YOUR OBJECTIVE: The reply must contain exactly the lines below from the one with "Amy Brummond, who" down to the one with "1-5月,全省房地產開發企業", both included, and nothing more; please omit the pictures.

RECORDS FOR THE TASK:
□ □ □ □ □

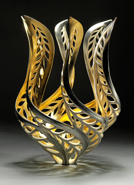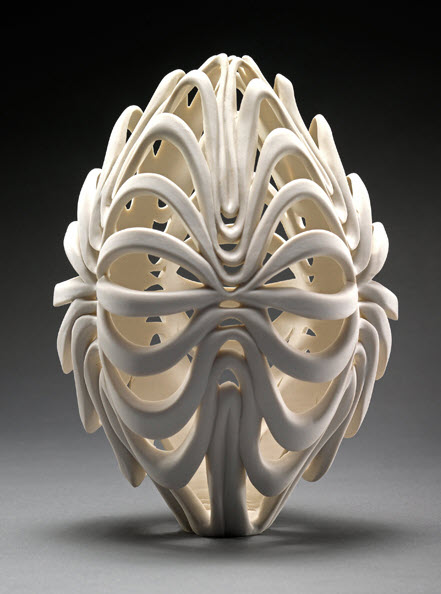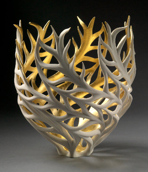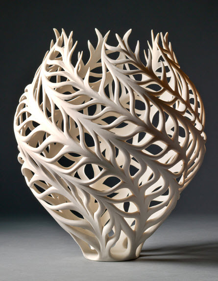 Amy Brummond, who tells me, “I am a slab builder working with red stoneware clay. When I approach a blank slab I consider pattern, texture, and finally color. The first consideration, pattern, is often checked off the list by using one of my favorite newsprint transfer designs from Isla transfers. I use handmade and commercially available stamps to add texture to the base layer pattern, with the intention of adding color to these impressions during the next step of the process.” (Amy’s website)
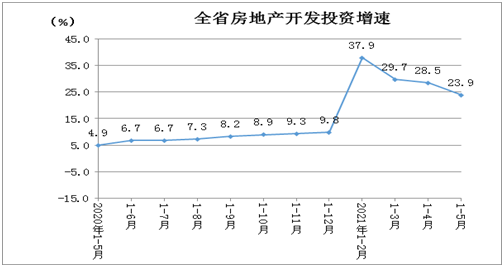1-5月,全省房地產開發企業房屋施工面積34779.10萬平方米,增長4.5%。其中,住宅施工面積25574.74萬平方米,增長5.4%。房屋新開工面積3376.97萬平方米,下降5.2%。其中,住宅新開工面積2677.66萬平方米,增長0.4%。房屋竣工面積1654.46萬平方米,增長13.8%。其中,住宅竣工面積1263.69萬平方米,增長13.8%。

□ □ □ □ □

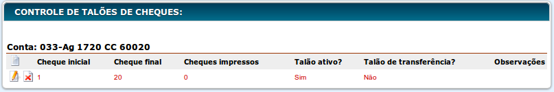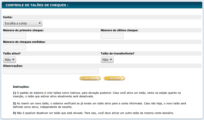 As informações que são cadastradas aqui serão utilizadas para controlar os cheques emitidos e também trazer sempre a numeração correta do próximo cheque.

□ □ □ □ □

FINAL ANSWER:
 Amy Brummond, who tells me, “I am a slab builder working with red stoneware clay. When I approach a blank slab I consider pattern, texture, and finally color. The first consideration, pattern, is often checked off the list by using one of my favorite newsprint transfer designs from Isla transfers. I use handmade and commercially available stamps to add texture to the base layer pattern, with the intention of adding color to these impressions during the next step of the process.” (Amy’s website)
1-5月,全省房地產開發企業房屋施工面積34779.10萬平方米,增長4.5%。其中,住宅施工面積25574.74萬平方米,增長5.4%。房屋新開工面積3376.97萬平方米,下降5.2%。其中,住宅新開工面積2677.66萬平方米,增長0.4%。房屋竣工面積1654.46萬平方米,增長13.8%。其中,住宅竣工面積1263.69萬平方米,增長13.8%。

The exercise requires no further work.